Saturday, March 5, 2016


The urinal flushed slowly, the drain showed signs of having been snaked, long metallic scratches disappeared into darkness.  Only cold water issued forth from the faucet at a languid rate, no soap was found, the light buzzed dimly overhead.  All of these signs of decay had crept in over time, unnoticed, appearing over the years until the once shiny and proud little restaurant was a dingy hole that few would dare visit but those old customers with failing eyesight and indiscriminate olfactory sensibilities.

Frank looked at the stained linoleum floor beneath his feet as he fried another egg, perhaps the millionth, on a darkened griddle that heated unevenly and no amount of effort could really scrape clean.  A cockroach made a break from the darkness and darted between his worn and faded black shoes, eliciting mild amusement in the sleepy reaches of his mind.  Indifference had become such a constant companion that the weight of it on him, though heavier than chains, was comfortable and easy.  He flipped the egg sloppily onto the chipped ceramic plate and set it on the ledge, "order up".  His voice was gravelly, heavy with phlegm and constrained by the excess body weight he carried, giving it an unpleasant tone that only his patrons and employees could love.

It was at that moment that something new caught his eye.  Sitting on the other side of the diner was a old gentleman with thick glasses, unkempt hair and an untucked plaid shirt.  He was carefully taping a hand lettered sign to the wall of the diner in the booth he occupied.  Tammy, the long suffering waitress, took the solitary fried egg, priced at forty five cents, and place the plate in front of the gentleman.  She spoke with him quietly for a few minutes, he looking at his egg with great deliberation, she shaking her head, he looking at his sign, hanging his head, looking down, then after a moment, taking the sign down and handing it to her.  She put her hand on his shoulder and said something quiet and private to him that made him look up at her.

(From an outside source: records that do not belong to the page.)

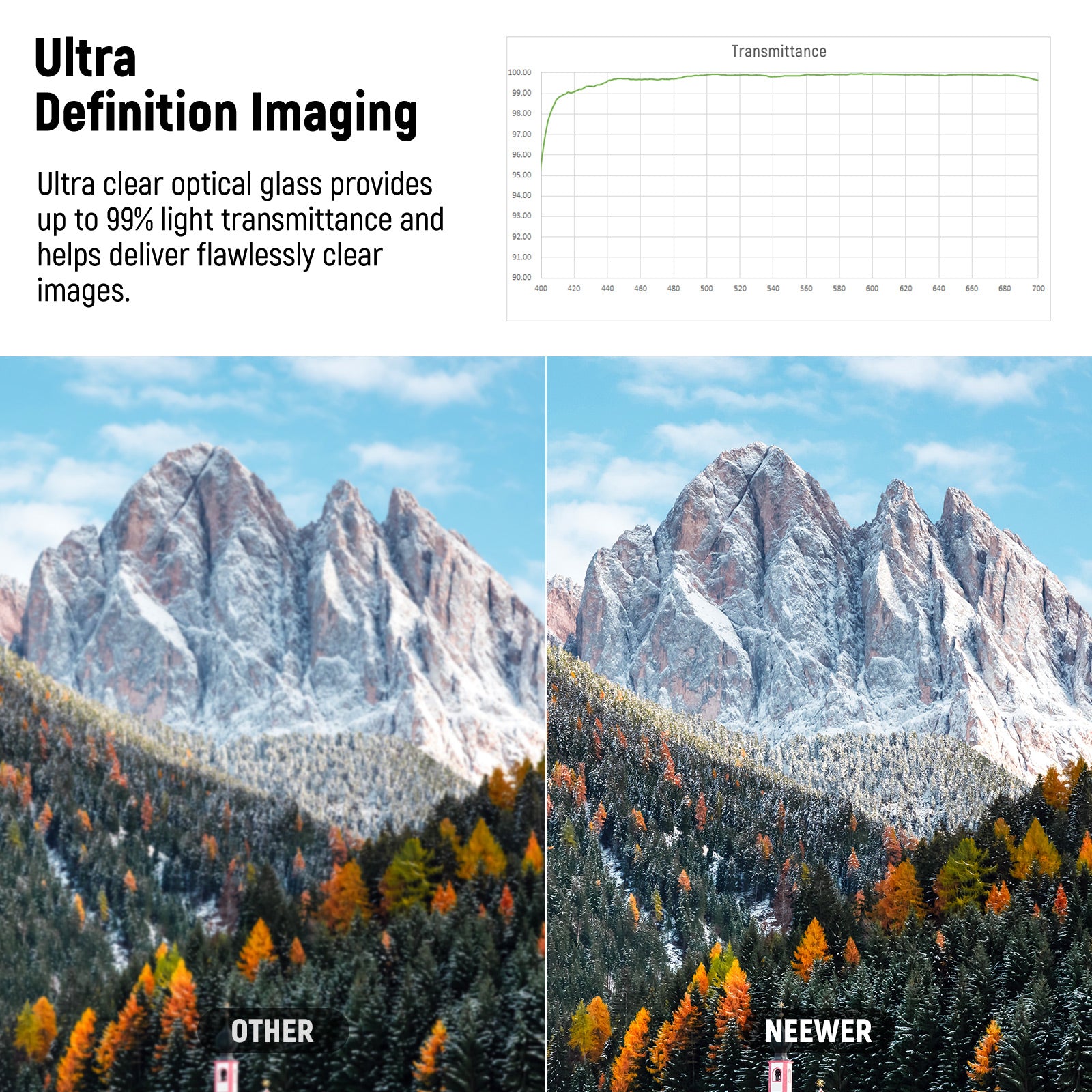 NEEWER camera filters offer a range of options, including ND, CPL, UV protection filters, and more. These lens filters enable you to capture breathtaking images and videos with precise lighting control and accurate color reproduction. Additionally, UV protection filters help protect your lens from damage. Choose a high-quality camera lens filter to elevate your photography.
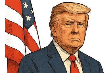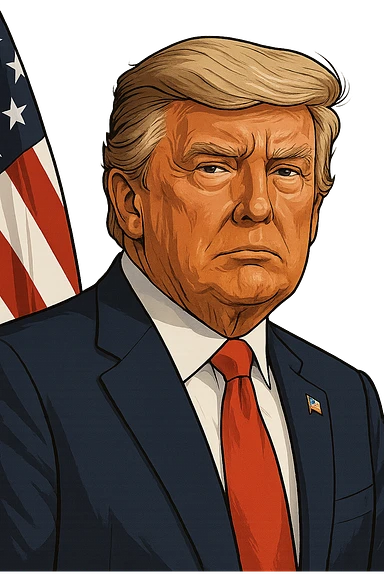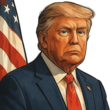 Дональд Трамп в слегка рисованном, но при это объемный стиле, прозрачный фон emoji
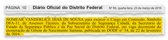 Ao ser questionada sobre a nomeação de Vanderlice, a Secretaria da Segurança Pública disse que “a servidora mencionada foi nomeada em cargo compatível com seu nível de escolaridade e que, desde então, desempenha funções administrativas na secretaria”. Ainda por meio de sua comunicação social, a pasta sustentou que “não há nenhuma irregularidade administrativa na nomeação da assessora”.

Frank could see a tear running down his face, but he was smiling broadly.  As Tammy turned towards him, he felt frozen in place.  Tears streamed down her face as well.  She came into the kitchen and handed him the sign without a word.

"Companion wanted.  Kind Person.  Live in home."  The address and phone number were local.  Frank looked over at the man who was gingerly dissecting his one egg and eating each bite with a dash of pepper.  He had a stack of photocopies of the sign with him.

Frank returned to the grill and scraped a clean spot about as clean as he could, pushing down hard enough to make the spatula squeak.  He cracked two more eggs and buttered a piece of toast.  He laid out three pieces of bacon and cooked them crisp but not burnt.

Tammy looked up 5 minutes later from wiping the counter.  The man with the signs was sipping his water as Frank exited his usual domain, carrying the plate himself, he set it down in front of the man and in his coarse voice said, "On the house, brother."  He looked over at Tammy and said, "bring us two coffees, Babe."  Tears flowed afresh from her eyes as she broke into a wide smile and set about pouring the coffee out into two stained and cracked mugs.

Frank sat down and looked the man in the face.  He recognized him.  He had seen him wandering the streets of town, picking up cans and trash, throwing out one and keeping the other to take to the scrappers.  He realized he had known this man for years, but had never really known him.  He wasn't homeless, just poor, simple and alone.  But not today.